Latarjet Procedure

Overview

When the shoulder dislocates, the ball (humeral head) slips forward and strikes the front rim of the socket (glenoid). Each dislocation can chip off a sliver of bone. After enough of them, the front of the socket is too worn down for a soft-tissue repair alone to hold. The arc of the socket is simply too shallow to keep the ball from sliding forward again. That is the problem the Latarjet procedure is designed to solve.

A standard repair stitches the torn ligaments back to the worn rim. The Latarjet does more: it moves a piece of bone to the rim instead. That piece is the coracoid, a bony hook at the front of the shoulder blade. The transferred bone rebuilds the missing arc of the socket with real bone. The tendon attached to the coracoid (the conjoint tendon) comes along with it and acts as a living sling. It tightens across the front of the joint just as the arm reaches the old danger position. The result is both a structural fix and a working one. That is why patients with significant bone loss re-dislocate less often after a Latarjet than after a soft-tissue Bankart repair.

How the Procedure Works

We work through the subscapularis, the rotator-cuff muscle that crosses the front of the shoulder. We split it sideways rather than detach it, so the muscle keeps working. Through that split, we pass the coracoid to the front of the socket and fix it with two screws. The bone block must sit flush with the joint surface. A block that stands too high rubs on the ball; one that sits too low fails to extend the arc. The conjoint tendon, now crossing the split muscle, adds a second layer of protection. It tightens just as the arm reaches the overhead, rotated-out position that used to dislocate the shoulder. Two nerves run close to this exposure. Both are identified and protected throughout the operation.
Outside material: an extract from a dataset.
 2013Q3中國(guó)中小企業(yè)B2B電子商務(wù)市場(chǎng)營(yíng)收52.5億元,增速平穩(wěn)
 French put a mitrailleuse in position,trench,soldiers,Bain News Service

When to Consider Latarjet Procedure

We generally offer the Latarjet when your symptoms, your imaging, and a full course of non-surgical care all point the same way. The typical picture includes:

  1. Recurrent dislocation after Bankart repair

    A shoulder that keeps dislocating despite a prior soft-tissue repair.
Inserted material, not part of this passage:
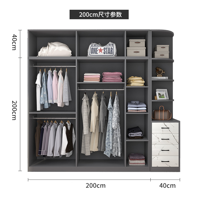 • [도어 5개] 싱글 옷장 200개 + 상단 수납장 + 서랍 측면 수납장
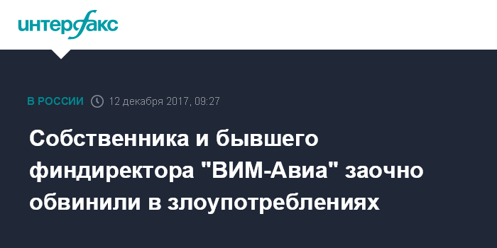 Собственника и бывшего финдиректора "ВИМ-Авиа" заочно обвинили в злоупотреблениях

  2. Significant anterior glenoid bone loss

    Bone loss beyond the point where a Bankart repair alone holds up reliably.

  3. High re-dislocation risk

    Contact athletes whose sport makes even a small risk of another dislocation unacceptable.

Conditions This Treats

Risks & Why We Still Recommend It

Every operation carries risk. This procedure is offered because the condition, when left untreated, can cause a shoulder that stays unstable, where a soft-tissue repair alone is unlikely to hold and each new dislocation wears away more of the socket. The decision to proceed weighs the risks of surgery against the limitations the condition places on daily function. Surgery does not remove risk; it addresses a problem that is otherwise progressive. Whether it is appropriate is determined for each patient in consultation with the surgeon.

The risks we discuss with you before the Latarjet procedure include:

  • bleeding and infection (the infection rate is slightly higher than for arthroscopic repairs)
  • anesthesia risk
  • graft non-union or resorption of the transferred coracoid
  • hardware irritation that occasionally requires screw removal
  • recurrent instability
  • stiffness (typically loss of external rotation)
  • injury to the musculocutaneous or axillary nerve (rare but specific to this exposure)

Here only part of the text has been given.